O episódio envolvendo as declarações do presidente Luiz Inácio Lula da Silva na Etiópia ressalta a delicada arte da diplomacia e a importância crítica da comunicação na arena internacional. Em tempos de tensões crescentes e desafios globais complexos, as palavras de líderes mundiais carregam um peso significativo, capazes de influenciar relações bilaterais, afetar a percepção internacional e até mesmo alterar o curso de eventos diplomáticos.

Esse incidente serve como um lembrete pungente de que a diplomacia não se faz apenas nas mesas de negociação, mas também nas declarações públicas e na forma como os países se apresentam no palco mundial. A capacidade de comunicar com sensibilidade, precisão e respeito pelas complexidades históricas e culturais é fundamental para construir e manter relações internacionais saudáveis e produtivas.

O caminho para a reconciliação e a restauração das relações Brasil-Israel, assim como o fortalecimento da posição do Brasil como um agente de paz e mediação no cenário global, exigirá um compromisso renovado com esses princípios. Diante dos desafios atuais, a diplomacia cuidadosa, acompanhada de um diálogo aberto e construtivo, emerge não apenas como uma estratégia, mas como uma necessidade imperativa para a promoção da paz, da cooperação e do entendimento mútuo entre as nações.

O futuro das relações internacionais e a capacidade de superar divergências por meio do diálogo e da compreensão mútua dependem, em grande medida, da habilidade dos líderes mundiais em reconhecer e respeitar a complexidade das narrativas históricas e culturais, bem como em comunicar suas posições com responsabilidade e sensibilidade. Nesse contexto, o episódio recente reforça a necessidade de uma reflexão profunda sobre o poder das palavras e o papel indispensável da diplomacia cuidadosa na construção de um mundo mais justo e pacífico.

As declarações feitas pelo presidente Luiz Inácio Lula da Silva em Adis Abeba, comparando as ações de Israel em Gaza com as atrocidades de Hitler, ilustram vividamente os desafios e as responsabilidades inerentes à comunicação na arena diplomática global. Esse episódio destaca não apenas a fragilidade das relações internacionais, mas também o poder significativo das palavras, que podem tanto construir pontes quanto criar divisões profundas entre nações.

Líderes mundiais carregam a responsabilidade não apenas de representar seus países, mas também de contribuir para a paz e a estabilidade globais. Suas palavras têm o poder de influenciar a opinião pública, moldar relações diplomáticas e afetar os cursos de ação internacional.

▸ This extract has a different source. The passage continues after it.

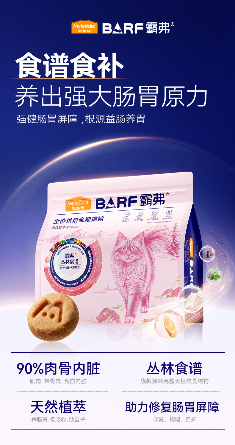 麦富迪barf霸弗全价低温烘焙猫粮 生骨肉 营养低敏 成猫幼猫粮2kg
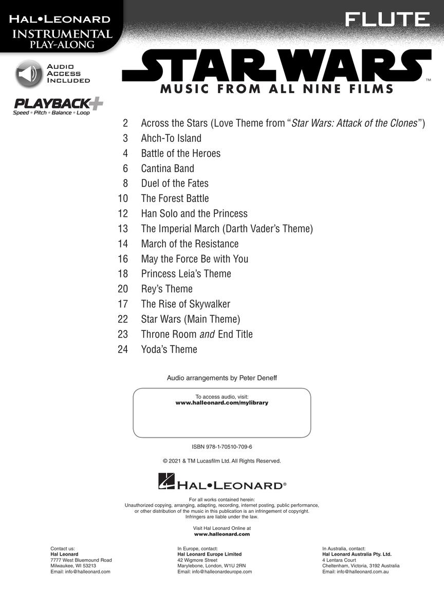 Play along with full accompaniments to your favorite Star Wars songs! This collection features solo arrangements of 16 favorite selections from all nine films in this epic series with excellent backing tracks that make you sound like a pro! Demonstration and backing tracks are provided for each song. Audio is accessed online using the unique code inside the book and can be streamed or downloaded. The audio files include PLAYBACK+, a multi-functional audio player that allows you to slow down audio without changing pitch, set loop points to master those challenging parts, change keys, and pan left or right. Includes: Across the Stars • Ahch-To Island • Battle of the Heroes • Duel of the Fates • The Forest Battle • The Imperial March (Darth Vader's Theme) • Rey's Theme • The Rise of Skywalker • Star Wars (Main Theme) • and more.

Portanto, é imperativo que eles escolham suas declarações com cuidado, considerando as implicações históricas, culturais e políticas de suas mensagens.

Esse incidente reforça a importância da diplomacia cuidadosa e do diálogo construtivo nas relações internacionais. A capacidade de comunicar de maneira sensível e precisa é fundamental, especialmente em questões carregadas de emoção e história. A diplomacia não se trata apenas de negociar interesses; é também sobre entender e respeitar as perspectivas e as memórias dos outros.

O caminho adiante, na esteira das declarações de Lula, requer um compromisso renovado com o diálogo e a compreensão mútua. Brasil e Israel, junto à comunidade internacional, têm a oportunidade de trabalhar juntos para superar este impasse, reafirmando o valor do respeito mútuo e da cooperação. A reconstrução das relações passa pelo reconhecimento dos erros, pela disposição para aprender com eles e pela busca incessante por soluções pacíficas e construtivas para os conflitos.

Esse incidente serve como um lembrete valioso da importância de uma diplomacia cuidadosa e do impacto duradouro das palavras. Ao promover uma comunicação que valorize a precisão e a empatia, líderes podem liderar pelo exemplo, construindo um futuro no qual o diálogo prevaleça sobre o conflito, e a cooperação, sobre a divisão. A verdadeira liderança no cenário mundial exige não apenas visão e determinação, mas também um profundo compromisso com os princípios de paz, justiça e entendimento mútuo.